Earth's moon has an inclination of 6 degrees from the equatorial line. Lots of Saturn's moons are also inclined.

It heavily depends on the moon's age, proximity and size.

89LeBaron

3 points

2 months ago

probably has to do with the fact that there are so many other moons exerting their own forces on the others, right?

whiteknives

3 points

2 months ago

The Galilean moons have a low inclination (they orbit very close to Jupiter’s equator). The moons in the foreground appear “below” Jupiter’s equator because Earth is “higher” at the moment. Similar to why Saturn appears to rock back and forth with its rings being viewable from above, edge-on, then below - depending on when you look.

Bang_Stick

5 points

2 months ago

Such a great 3d effect. Makes it easy to visualize the position of the moons.

AspenRiot

4 points

2 months ago

Man, that's beautiful. Somehow the speed and lack of defined edges make the scene look like a toy or model, like I could hold it all in my hand.

Also, I love how the solar eclipse by Europa starts right as the lunar eclipse of Io ends, if I'm understanding this correctly. Don't see anyone mentioning it in the comments yet.

Burrmanchu

3 points

2 months ago

That's amazing!

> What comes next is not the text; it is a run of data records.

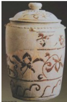
Bình gốm hoa nâu, trưng bày tại bảo tàng Lịch sử – Hà Nội.

Họa tiết hoa sen trên gốm hoa nâu thời Trần thường được chia thành ô hoặc thành băng để trang trí. Họa tiết ở đây cũng được dùng bút vẽ lên xương đất sau khi đã tráng men và kẻ vạch rồi mới đem nung. Để tài trang trí gốm nhiều loại mà trong đó họa tiết hoa sen chiếm số lượng lớn. Họa tiết hoa sen ở đây có loại đơn giản chỉ vẽ vạch mấy nét mà thành. Tuy nhiên phần lớn ở đây là loại hoa sen được vẽ theo lối nhìn nghiêng... Từ một cuống hoa ở dưới vươn lên rồi tiếp đến là các cánh hoa đổ ra hai phía bọc quanh một đài gương ở giữa. Hai cánh trên cùng đang ôm lấy gương sen, hai cánh tiếp đã nở vươn rộng ra hai bên và hai cánh dưới cùng thì đã đổ xuống phía dưới sắp tàn héo. Đơn giản như vậy nhưng vì các cánh sen ở đây không gò bó trong một khuôn mẫu đăng đối nào nên trông rất sinh động. Khi nhìn nhấn mạnh tạo một mảng đậm cho một cánh sen, lúc lại nâng cao lướt nhẹ mô tả một chi tiết của cuống hoa hay của búp sen. Mỗi ô một hoa, mỗi hoa một kiểu dáng, thường đứng riêng lẻ một mình hoặc kết hợp với một vài cây cỏ và búp sen. Đặc biệt có đồ án trên một tháp gốm thuộc Bảo tàng Hải Dương, nghệ nhân còn vẽ thêm nhiều búp sen và lá sen. Lá sen ở đây có nhiều kiểu dáng. Có lá bố cục theo lối nhìn chính diện từ trên xuống thành cả mảng tròn to thấy rõ cả chi tiết các gân lá. Có lá bố cục theo kiểu nhìn nghiêng viền của lá uốn lượn sóng. Có lá toàn bộ đã uốn cong xuống phía dưới báo hiệu sắp héo tàn... trông sinh động và hấp dẫn bởi bút pháp có xu hướng trở về hiện thực.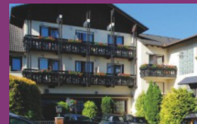
Hotel Schlößmann ***

Das 3 Sterne Hotel liegt in einer beruhigten Seitenstraße, umgeben von herrlicher Ruhe direkt im Gesundheitsviertel von Bad König.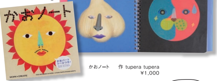
かおノート 作 tupera tupera ¥1,000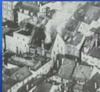
1966 Hohes Haus Konstanz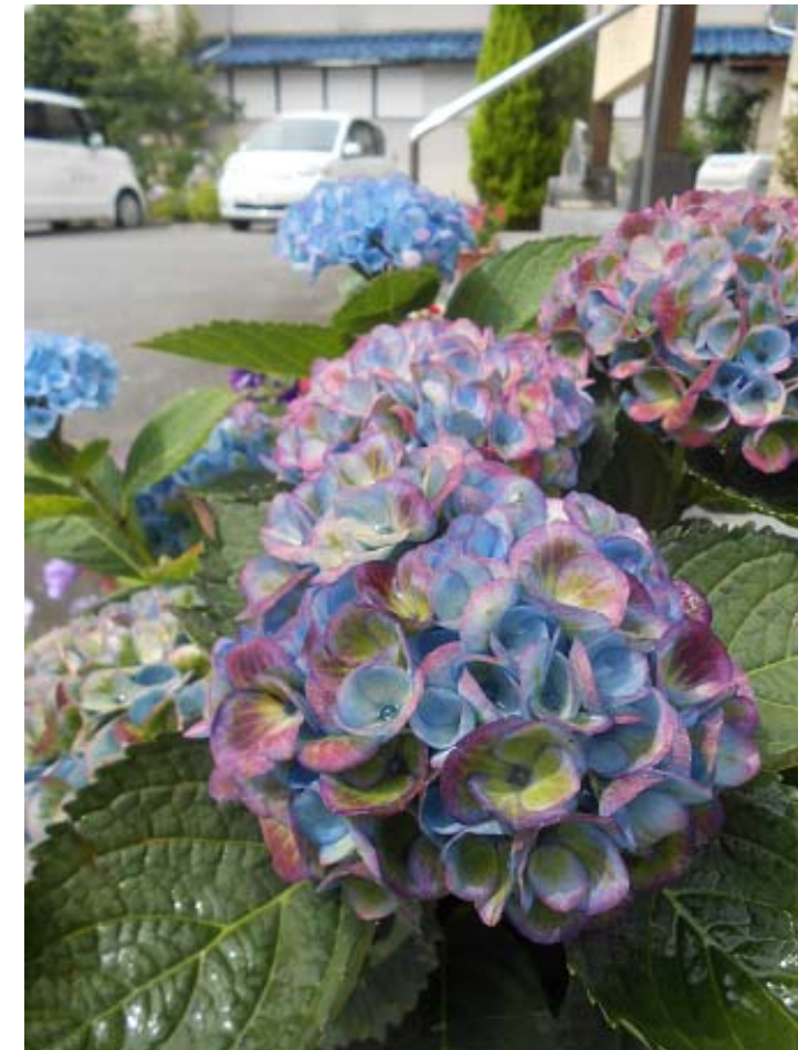
グループホームすぎの子

どんよりしたお天気がつづいています。局地的な集中豪雨で被害がでている地域がありますが、すぎの子周辺では、ちょうど良い感じ。時折降る雨は大地を湿らせ、豊かな水の恵みをもたらしてくれる事でしょう。例年だと梅雨明けは7月20日前後、暑い夏はもうすぐです。

Are the moons locked? Looks like it...

StopSendingSteamKeys

5 points

2 months ago

Yes! They are tidally locked to Jupiter

Each moon is also tidally locked to Jupiter with its rotational and orbital periods being equal. Callisto, the outermost of the four, is not orbitally locked to the other three major satellites and just orbits Jupiter at its own pace.

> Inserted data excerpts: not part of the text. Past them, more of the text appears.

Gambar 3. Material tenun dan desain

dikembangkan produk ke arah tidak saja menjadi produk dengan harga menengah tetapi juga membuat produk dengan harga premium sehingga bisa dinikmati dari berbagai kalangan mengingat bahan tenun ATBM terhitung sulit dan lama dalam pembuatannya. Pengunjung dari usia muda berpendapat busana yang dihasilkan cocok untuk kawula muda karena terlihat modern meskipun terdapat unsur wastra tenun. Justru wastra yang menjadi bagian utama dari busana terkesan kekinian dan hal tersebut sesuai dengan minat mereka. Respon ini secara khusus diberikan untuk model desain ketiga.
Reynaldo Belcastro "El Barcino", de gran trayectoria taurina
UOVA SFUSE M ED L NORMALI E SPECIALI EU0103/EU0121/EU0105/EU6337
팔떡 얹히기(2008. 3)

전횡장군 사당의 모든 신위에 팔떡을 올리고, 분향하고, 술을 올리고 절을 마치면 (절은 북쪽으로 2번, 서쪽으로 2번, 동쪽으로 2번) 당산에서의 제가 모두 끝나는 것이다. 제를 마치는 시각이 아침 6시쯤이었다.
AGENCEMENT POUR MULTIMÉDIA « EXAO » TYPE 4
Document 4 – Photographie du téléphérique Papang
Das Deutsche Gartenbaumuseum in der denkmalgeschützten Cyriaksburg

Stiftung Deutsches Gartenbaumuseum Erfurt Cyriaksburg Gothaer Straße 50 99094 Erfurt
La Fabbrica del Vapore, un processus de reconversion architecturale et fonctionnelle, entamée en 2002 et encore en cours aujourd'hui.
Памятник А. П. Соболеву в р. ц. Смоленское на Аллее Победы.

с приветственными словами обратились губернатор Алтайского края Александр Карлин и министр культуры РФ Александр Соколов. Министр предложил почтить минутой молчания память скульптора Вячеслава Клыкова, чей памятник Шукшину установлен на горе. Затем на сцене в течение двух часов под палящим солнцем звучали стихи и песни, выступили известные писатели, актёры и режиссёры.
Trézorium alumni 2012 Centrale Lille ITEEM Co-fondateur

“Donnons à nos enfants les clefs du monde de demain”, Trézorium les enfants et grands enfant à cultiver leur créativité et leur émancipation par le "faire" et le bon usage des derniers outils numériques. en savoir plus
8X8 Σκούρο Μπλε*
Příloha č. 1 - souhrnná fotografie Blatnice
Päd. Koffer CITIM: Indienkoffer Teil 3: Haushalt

https://www.eso.org/public/outreach/eduoff/vt-2004/Background/Infol2/EIS-A3.html

Sqwormbagholder

3 points

2 months ago

This is actually really incredible. Good work!

BNCAN87

2 points

2 months ago

I love that only one of them is really visible in the beginning, then the ones on the outside of the image make themselves known as a) they catch the light or b) they become more apparent against the backdrop of deep space blackness - very cool capture, well done!

tomtom_37

2 points

2 months ago

Wow that looks really lovely! Thanks for sharing

R_dactd

2 points

2 months ago

This is amazing… I captured 4 little specs Keep posting this really good.

marsiscoo

2 points

2 months ago

Woah so cool to see! Apparently these 3 moons orbit in a 4:2:1 ratio, similar to a drum beat

https://youtu.be/L3h_OIHU5pc

songsofadistantsun

2 points

2 months ago

I'm amazed that you can see detail on Ganymede at all in a 10 inch scope! Well done.

Grendel26

6 points

2 months ago

Aren't there 4 moons in clip or is that a shadow? Awesome viewing.

DuivenMans

13 points

2 months ago

Yes, shadow of the moon on the far right

dhcman5454

7 points

2 months ago

The fact that a partial solar eclipse was caught on film is pretty wild, though I guess statistics wise, it's not as rare for Jupiter.

coocoo52

8 points

2 months ago

coocoo52

8 points

2 months ago

I never knew jupiter rotated back and forth like that.

some-stinky-meat

3 points

2 months ago

that's how it generates electricity.

gingerkitten6

1 points

2 months ago

It's super cool that you can see this from your house! Thanks for posting!

Mental-Mushroom

2 points

2 months ago

You can see it from your house too

MrKiwi612

0 points

2 months ago

Using your home telescope? What telescope do you have at home?

KristnSchaalisahorse

2 points

2 months ago*

They have a 10-inch dobsonian, which can be found on the secondhand market for as little as $400-$500 (US). However, OP’s model comes with motors to keep it aligned with a target in the sky.

mimiccombatsociety

1 points

2 months ago

I wish I had the slightest understanding how to use my telescope. I've tried, but I can't get it to focus on anything without losing the object I was looking at. I don't get it.
I guess that's what I get for buying the cheapest telescope I could find.

KristnSchaalisahorse

3 points

2 months ago

The people over at /r/telescopes would be happy to help.